# Deer Aging/Hanging



## svk (Nov 19, 2018)

If the weather is cold IE below 35 degrees, how long do you hang your deer?


----------



## yooper (Nov 19, 2018)

svk said:


> If the weather is cold IE below 35 degrees, how long do you hang your deer?


Only as long as I have to. Son shot one on the fifteenth and wish I would have quartered it up. Was 11°f Saturday night so it's pretty frozen I'm sure. We had to leave for the weekend. I did take its clothes off right away while it was still warm. That's a good thing.


----------



## wrx-snowdrift (Nov 19, 2018)

Used to hang for 2-4 days but now with time constraints and the fact that the last several years have been warmer than I'd like for hanging deer we skin and process the same day or the next. I've started aging on the back side, pull cuts out of the freezer and let them sit in the fridge for 6-8 days. 1-3 days of thawing, 3-5 days of "aging". I have definitely noticed a difference since I started doing this. I've read some guys let it sit in the fridge for as long as 2 weeks before cooking, I'm nervous about letting it sit that long.


----------



## svk (Nov 19, 2018)

wrx-snowdrift said:


> Used to hang for 2-4 days but now with time constraints and the fact that the last several years have been warmer than I'd like for hanging deer we skin and process the same day or the next.
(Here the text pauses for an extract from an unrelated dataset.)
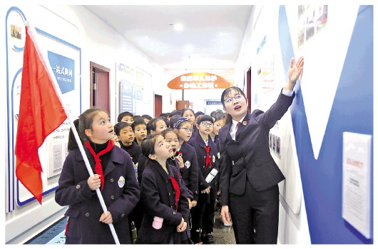 圖為嘉興秀洲實(shí)驗(yàn)小學(xué)學(xué)生參觀嘉興市人民檢察院未成年人保護(hù)辦案工作區(qū)。 法治日?qǐng)?bào)通訊員 鐘華 攝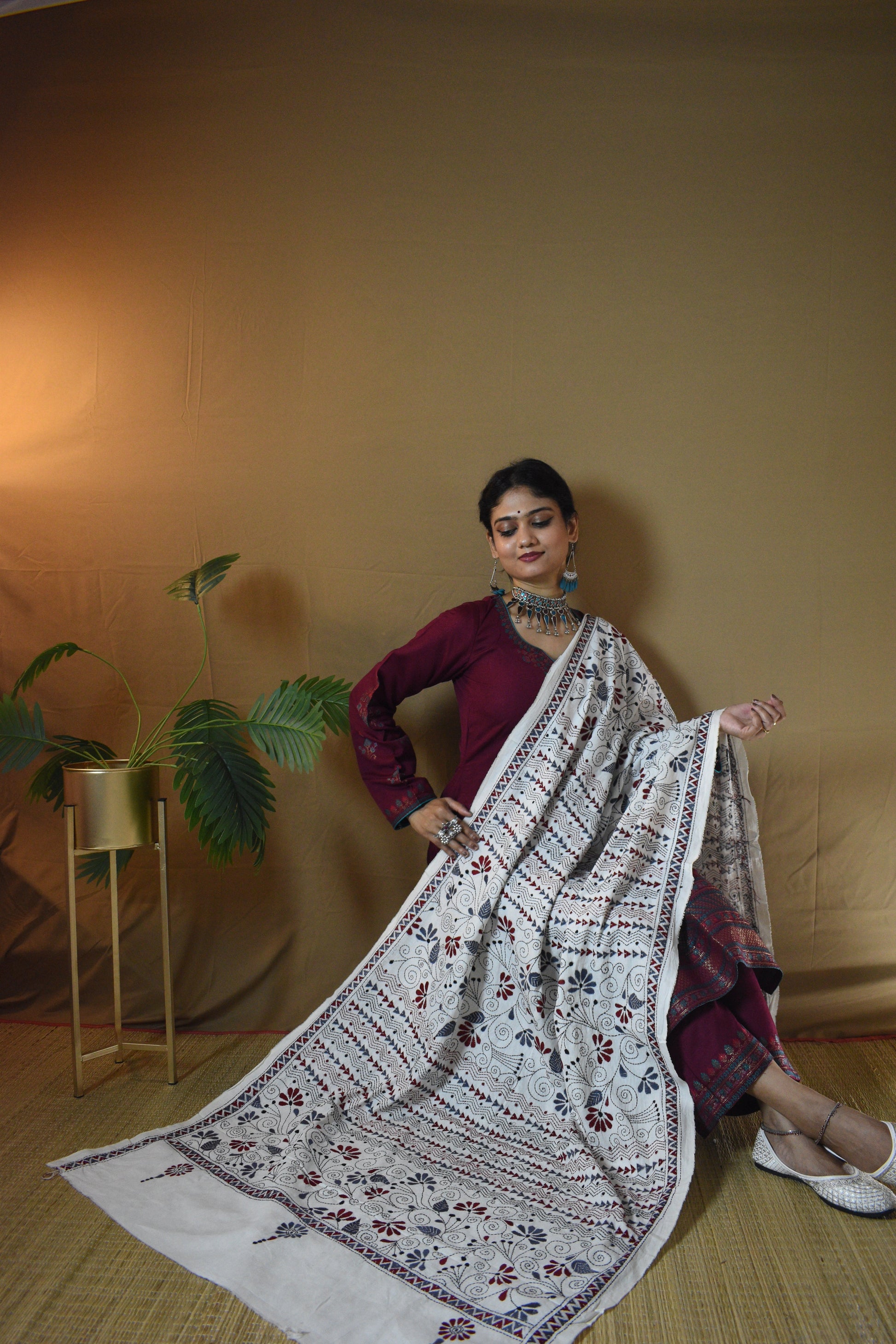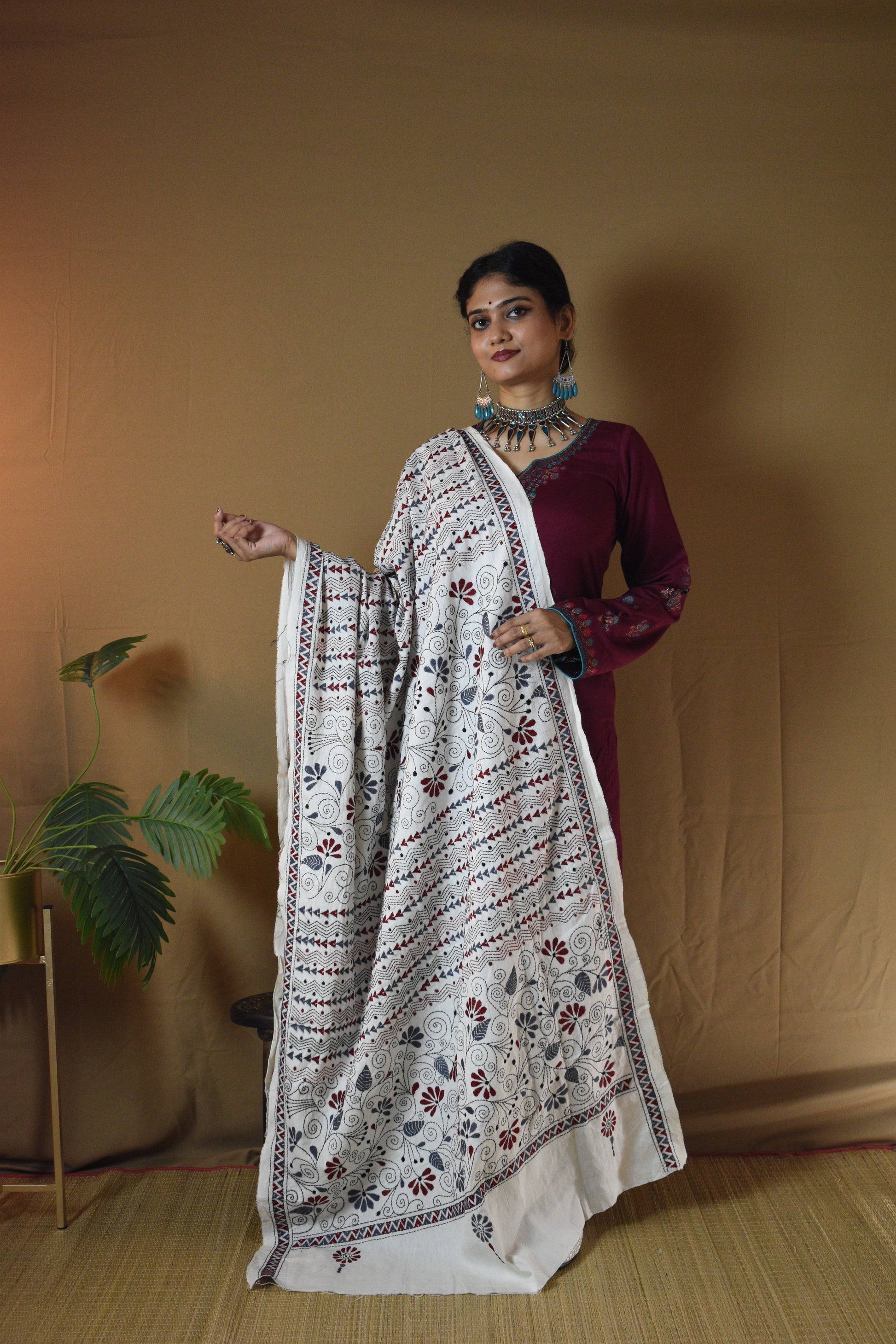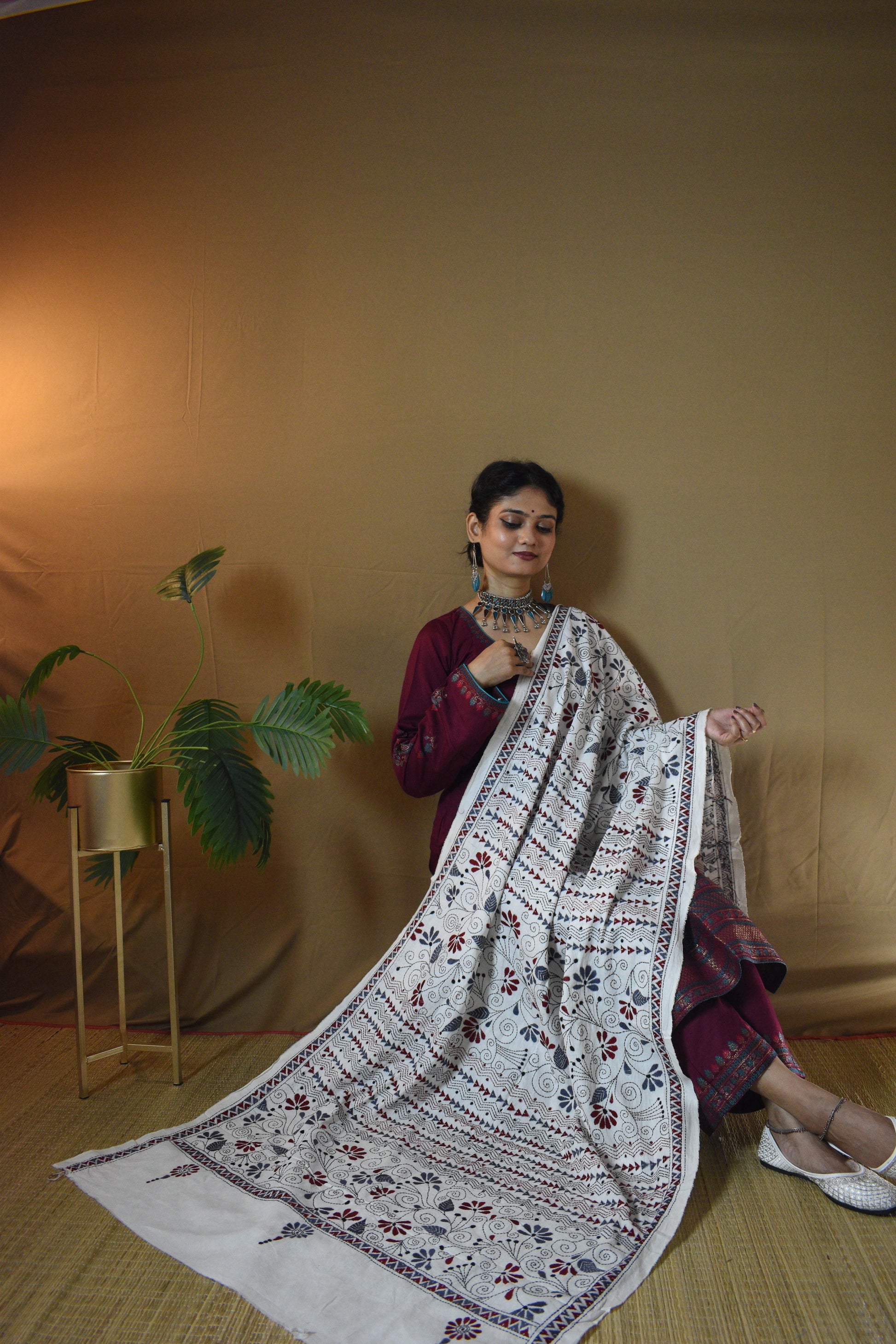 Experience the timeless charm of Bengal’s Kantha artistry with our Off White Geometrical Pure Cotton Hand Embroidered Kantha Dupatta. Hand-embroidered by skilled women artisans, each dupatta is a celebration of patience and heritage, with running stitches that bring alive traditional motifs. The Pure Cotton fabric feels soft, airy, and light on the skin. The Off White base, accented with multi-color threadwork, gives a graceful charm that blends effortlessly with traditional as well as contemporary looks. A Dupatta not just to wear, but to treasure, as art, as memory, as legacy.

I've started aging on the back side, pull cuts out of the freezer and let them sit in the fridge for 6-8 days. 1-3 days of thawing, 3-5 days of "aging". I have definitely noticed a difference since I started doing this. I've read some guys let it sit in the fridge for as long as 2 weeks before cooking, I'm nervous about letting it sit that long.
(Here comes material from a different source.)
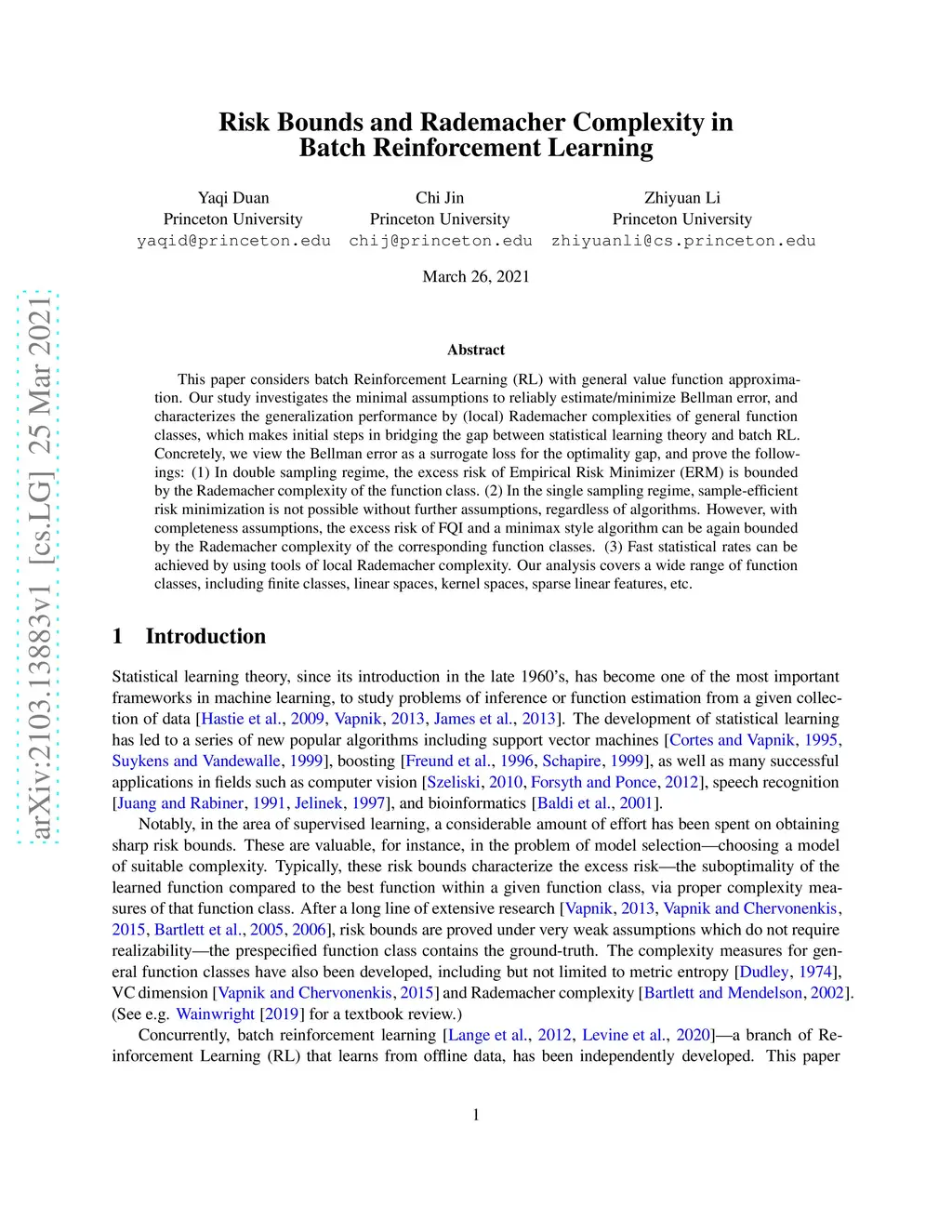 This paper considers batch Reinforcement Learning (RL) with general value function approximation. Our study investigates the minimal assumptions to reliably estimate/minimize Bellman error, and characterizes the generalization performance by (local) Rademacher complexities of general function classes, which makes initial steps in bridging the gap between statistical learning theory and batch RL. Concretely, we view the Bellman error as a surrogate loss for the optimality gap, and prove the followings: (1) In double sampling regime, the excess risk of Empirical Risk Minimizer (ERM) is bounded by the Rademacher complexity of the function class. (2) In the single sampling regime, sample-efficient risk minimization is not possible without further assumptions, regardless of algorithms. However, with completeness assumptions, the excess risk of FQI and a minimax style algorithm can be again bounded by the Rademacher complexity of the corresponding function classes. (3) Fast statistical rates can be achieved by using tools of local Rademacher complexity. Our analysis covers a wide range of function classes, including finite classes, linear spaces, kernel spaces, sparse linear features, etc.

I have heard if you vacuum seal it and put in a drawer and cover with a towel you can age it for a month. Never done it myself.


----------



## wrx-snowdrift (Nov 19, 2018)

svk said:


> I have heard if you vacuum seal it and put in a drawer and cover with a towel you can age it for a month. Never done it myself.
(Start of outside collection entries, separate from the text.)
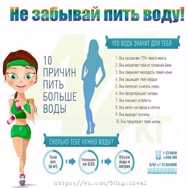 Правильное потребление воды важно по разным причинам.Вода поддерживает внутренние органы тела, сохраняет кожу здоровой и сияющей, способствует циркуляции и выведению токсинов, помогает облегчить работу пищеварительной системы, контролирует воспаление мышц и суставов и помогает организму усваивать питательные вещества из продуктов. Так что, даже если потеря веса не является вашей проблемой, пить достаточно воды следует. Однако, если потеря веса является вашей заботой, вам повезло, потому что правильное потребление воды действительно помогает организму похудеть.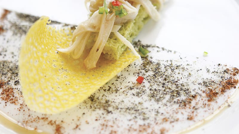 Huepos en dressing de papaya sobre esponja de espirulina y tierra de algas chilotas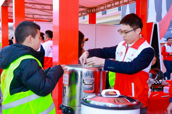 啟動儀式現(xiàn)場,中國石化集團公司黨組宣傳部部長于永生、廣東石油黨委書記馮東明、潤滑油公司副總經(jīng)濟師黎鋒等人共同為返鄉(xiāng)群眾發(fā)放“愛心福袋”。福袋內(nèi),反光背心、保溫杯、騎行雨衣組成的“返鄉(xiāng)三件套”兼顧安全與保暖,同時搭配專為長途出行定制的長城摩托車油,成為歸鄉(xiāng)人路上中的安心標(biāo)配。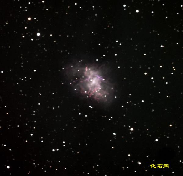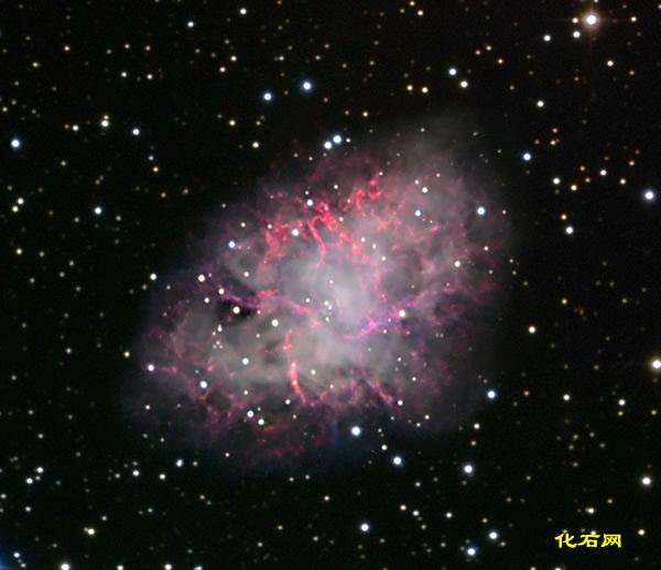 蟹状星云位于金牛座,距离我们大约6500光年,大小约为12×7光年,亮度是8.5星等,肉眼看不见。对蟹状星云最早的记录出自英国的一个天文爱好者(1731年),1771年法国天文学家梅西耶在制作著名的“星云星团(M)表”时,把第一号的位置,留给了蟹状星云,编号为M1。

I've heard something similar that its a "new thing" to dry age meat for months in some cases over a year and when your ready cook you cut off the outer layer and grill it up. Search "extreme aged steak"

Yeah, don't think I'm talking the Mrs. into either.


----------



## stillhunter (Nov 24, 2018)

Years ago I shot a nice buck one evening and gutted it immediately as always. I got it home and hung it by it's horns. I intended to butcher it the next day but I waited, the temps were in the 40s daytime and 30s @ night. I loosely wrapped it w a tarp to keep the sun off it and let it hang for 5 days. Butchered the deer on the 6th, ate some backstrap and froze the rest. That was some of the best tasting venison I've ever eaten and nice and tender too. I checked it in the afternoons after work and the meat was much colder than the air. The hide insulated it and kept the cold from the nights in the meat all day when it was warmer. I have not had a chance/weather right to do it again but I will do it again when I can, maybe even 7 days.


----------



## ironman_gq (Dec 12, 2018)

Usually 3-4 days, have let them go as long as 2 weeks if it's cold out but they're pretty frozen by then. The best venison has always come from deer that have hung for at least a couple days.


----------



## rupedoggy (Dec 30, 2018)

I love venison and do enjoy sharing. People say mine is the best they have had. My rules:
1.Try to drop the deer in its tracks. A gut shot deer that you chase around for half the day will not be good.
2.Try to get a deer that is eating good stuff. Alfalfa, corn, wheat, apples even CRP etc.
3.Take off the hide while warm. It is easier to remove and starts cooling right away. Don't drive around all day with the deer "cooking" in the back of your pickup.
4.This is where people disagree with me but I always wash down the animal and get it real clean. That's what they do with the beef you eat. I go one step further and wash inside and out with a apple cider vinegar soaked clean rag.
5.Hang and age if you wish. I notice the longer aged deer is tender but gamey. The non-aged deer is tastier but a little tougher.
6.Cut off all the fat. That is where a lot of the "off flavor" comes from. If you grind your own try bacon in place of beef fat. The cheapest bacon has quite enough fat. I like 15-18% by weight.
There you have it from a 72 year man that has been eating deer all his life and killed more than 100 of them. Take a look at that avatar. That deer is in a CRP field and was 175# ready to butcher. That is a big mule deer! Great eating.


----------



## esshup (Jan 29, 2019)

Ditto on what was said above. The less that an animal is stressed before it's shot the better it will be. I learned my lesson a few years ago about shooting something that has been running for a while. We chased a herd of Elk that ran up and down a few canyons, and I shot a large yearling. It was tougher than anything I've had before.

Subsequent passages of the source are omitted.